As the tenacious eighty-year-old Granny Weatherall lies in her deathbed she experiences a stream of thoughts and memories, especially as she recalls her being jilted at the altar of her marriage. She has tried for sixty years to be rid of her memory of George, but she cannot dispel this "smoky cloud from hell that moved and crpt in her head...." When she tries to rise to pull down the shades, Granny hears someone say, "Mother, how do you feel now?" as someone places a cold cloth upon her face.
Hapsy? George? Lydia? Jimmy? No, Cornelia, and her features were swollen and full of litttle puddles.
It is probably this passage which mentions Granny's children that gives rise to the opinion that Granny has a son named George since she calls out in her mind the other children's names alongside this one. However, she does say the name of Hapsy, who has been dead right before saying "George." Perhaps, then, she merely calls to the dead before addressing the living, although she does not mention John.

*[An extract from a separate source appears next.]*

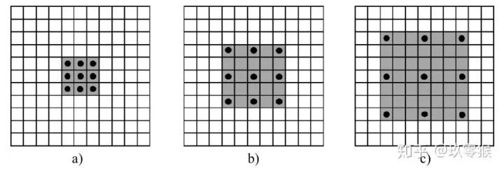 a是普通的卷积过程(dilation rate = 1),卷积后的感受野为3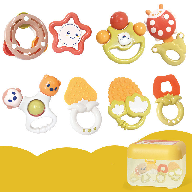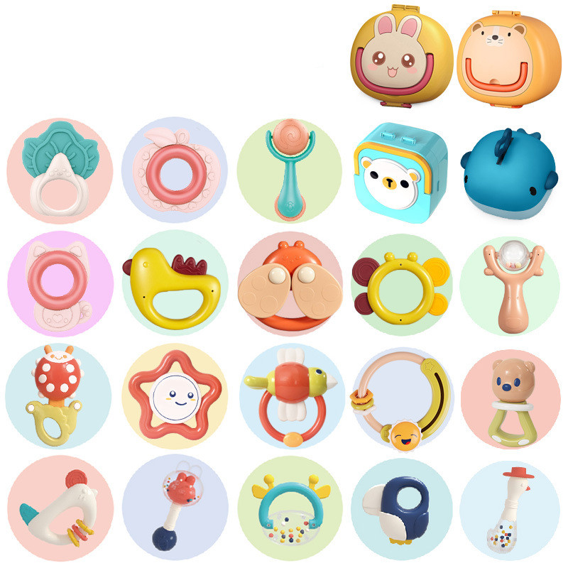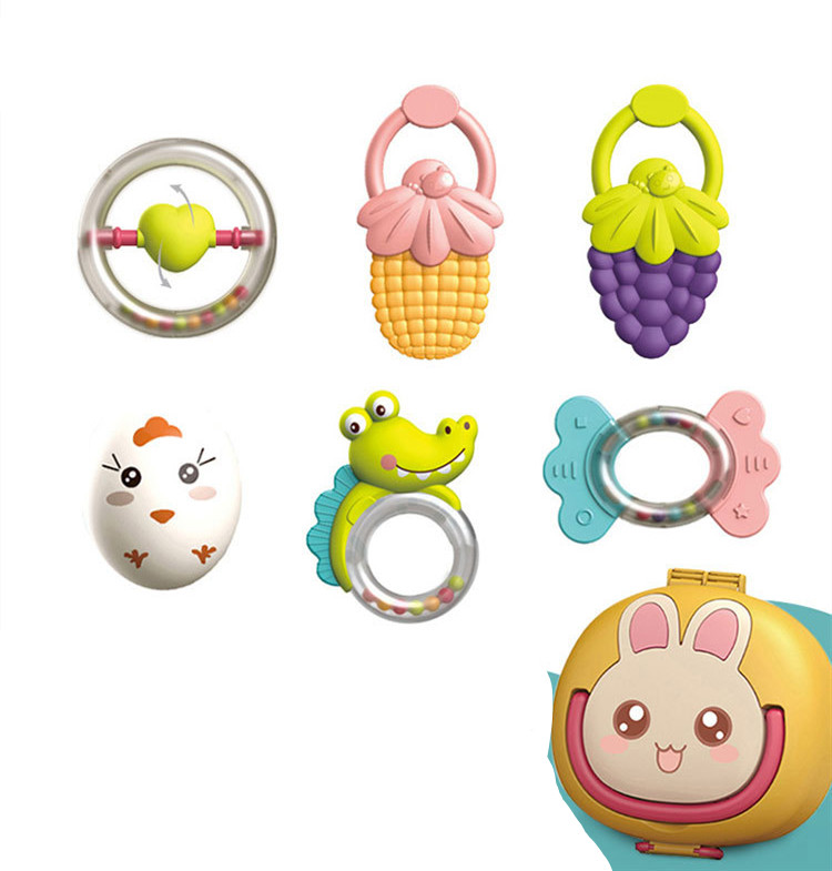 10: 6 sets of rabbit rattles-storage box

When Cornelia tells her mother that the doctor is back, Granny's minds wanders back to Hapsy and she imagines that she speaks to her daughter. After Hapsy "melted from within," Cornelia asks her mother if there is anything she can do for her. Granny, in her mind, asks to see George. "I want to you to find George." This allusion to George, now, is clearly to the man to whom she was engaged. Thus, it seems that Granny's having called out the name George is simply a call for her former boyfriend.